Ich halte daher einen Interval Act aus ‚der Karibik‘ für wahrscheinlich. (der würde eben auch ‚kommen‘ und nicht wie ein Sponsor ‚bereits da sein‘)
Wäre denn Rihanna Quintessenz, die man als ‚Ther Carribean is coming to Eurovision‘ bezeichnen würde? Ich käme nicht auf diese Idee, sie ist in Europa doch eindeutig als US Musikstar bekannt.
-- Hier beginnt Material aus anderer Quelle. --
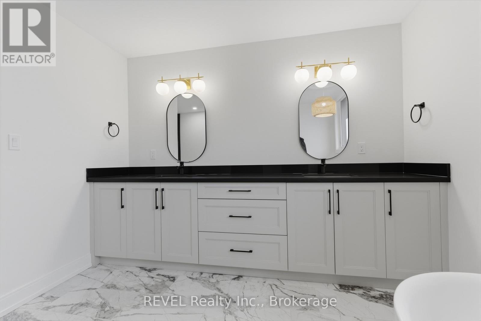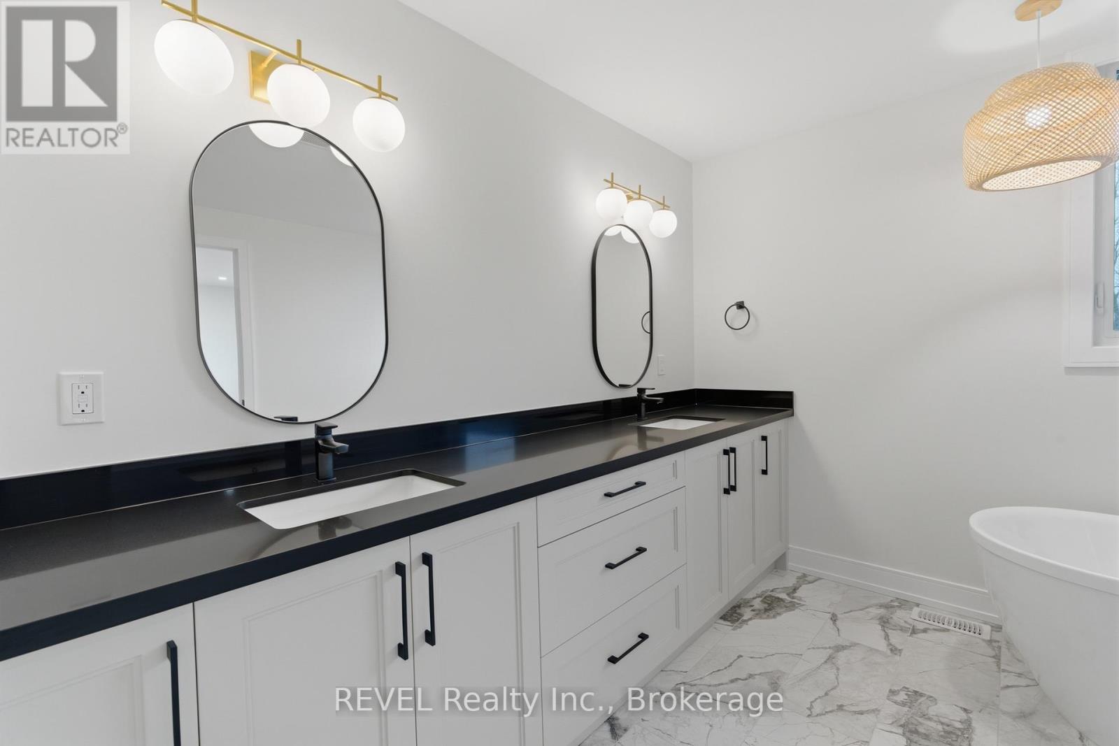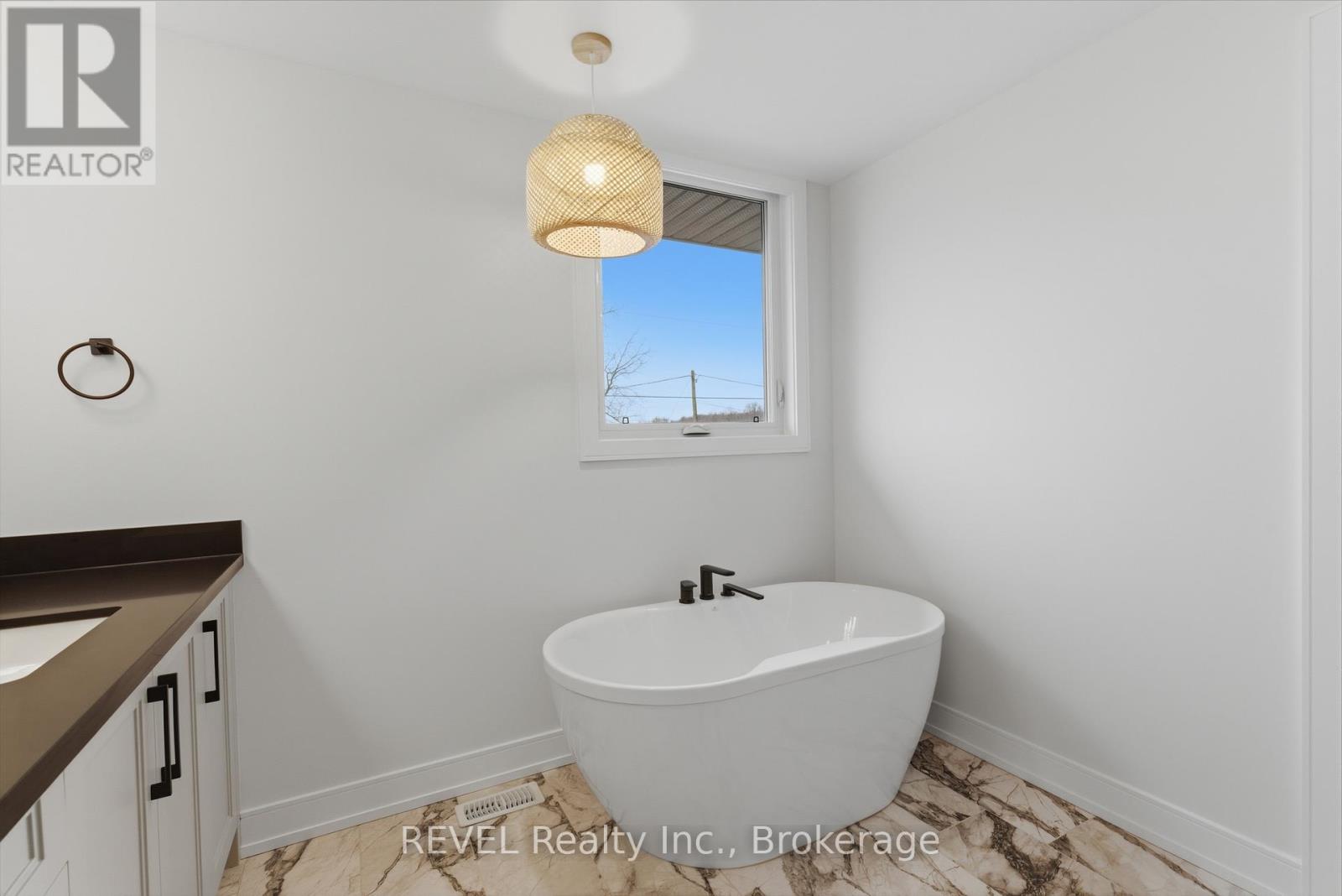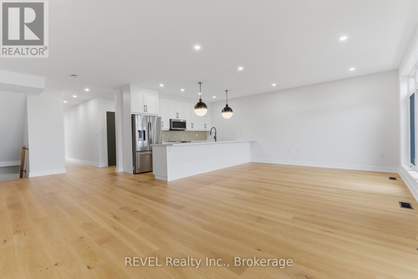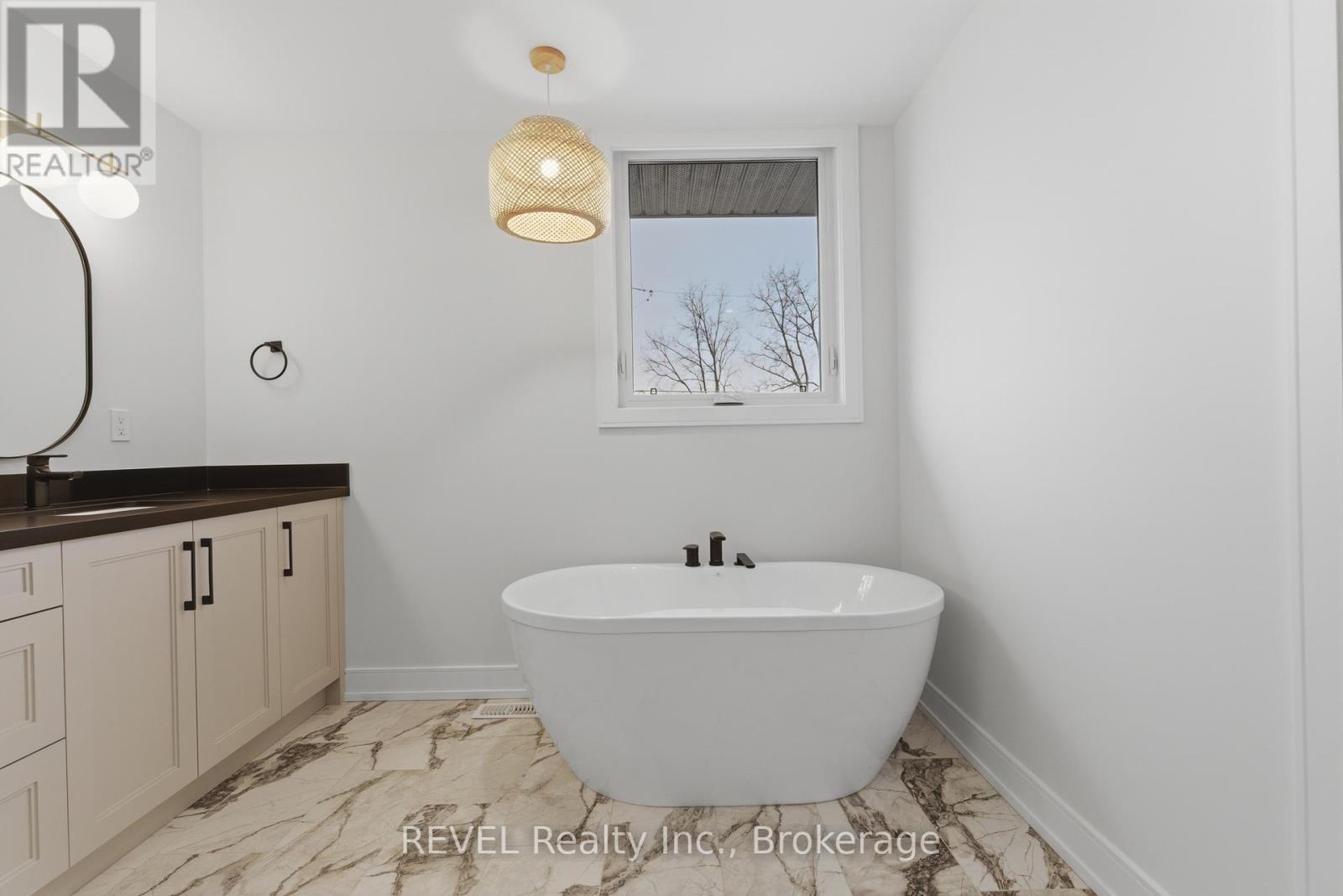 Beautifully finished freehold townhouse offering 3 bedrooms and 2.5 bathrooms in one of Fonthill's most sought-after communities. Designed for modern living with a functional layout, quality finishes, and convenient access to local amenities.The main floor features 9 ft ceilings and an open-concept layout with large windows providing excellent natural light. The kitchen is well-appointed with quartz countertops, a large island, floor-to-ceiling soft-close cabinetry, stainless steel double sink, and Riobel dual-spray faucet. The living and dining area includes LED pot lighting and direct access to a covered deck through sliding doors, creating an easy indoor-outdoor flow.A mudroom with garage access and a 2-piece powder room complete the main level.The second floor offers a spacious primary bedroom with walk-in closet and a 5-piece ensuite featuring a double vanity, freestanding soaker tub, and tiled shower. Two additional bedrooms share a 4-piece bathroom with double vanity and Mirolin tub/shower combination. Convenient second-floor laundry includes a sink and additional storage.The unfinished walkout basement provides excellent potential for additional living space, with natural light and access to a covered patio. Located close to parks, walking trails, schools, shopping, dining and 406, this home offers a strong combination of layout, finish, and location. (id:64974)

Bei Bad Bunny zb ist das anders.
Könnte aber auch Ozuna sein (kennt man in Europa aber kaum)
könnten auch
Don Omar, Myke Towers, Anuel AA, Daddy Yankee, Darrell, Jahyco sein.
Könnte sogar eine mehrpersonige Kollabo einiger bekannter Acts sein. Fände ich ehrlich gesagt sogar interessant (vor allem wenn es nicht nur Puerto Ricaner und nicht nur Männer wären). Könnte mir da zb die ein oder andere Jamaikanerin vorstellen.
Gut OK Rihanna, aber wie gesagt, die ist eigentlich von Europäern nicht sonderlich mit der Karibik verbindbar. Trotz dem oben Geschriebenen würde auch ich Rihanna nicht rundweg ausschliessen.
Wollte (sollte) der ESC nicht auch in Richtung Klimaneutralität gehen?
Da wäre ein Sponsor wie „Royal Caribbean Kreuzfahrten“ ziemlich kontraproduktiv
Schmutziger kann man ja kaum Urlaub machen 😉
https://eurovision.tv/story/royal-caribbean-official-cruise-line-eurovision-2024-2025
also doch Sponsor als ‚Royal Carribean is the official cruise line of Eurovision 2024 & 2025‘.
official cruise line in Form eines ‚official partner‘ ist also die Sponsorbezeichnung. Frisch erfunden.
„visible to 37 participating countries and millions more watching online.“ das heisst demnach man wird mit Royal Carribean pro-rolls im z.B. Eurovison Youtube Channel gnadenlos zugeballert werden. Da freue ich mich ja mal so ‚richtig‘ drauf.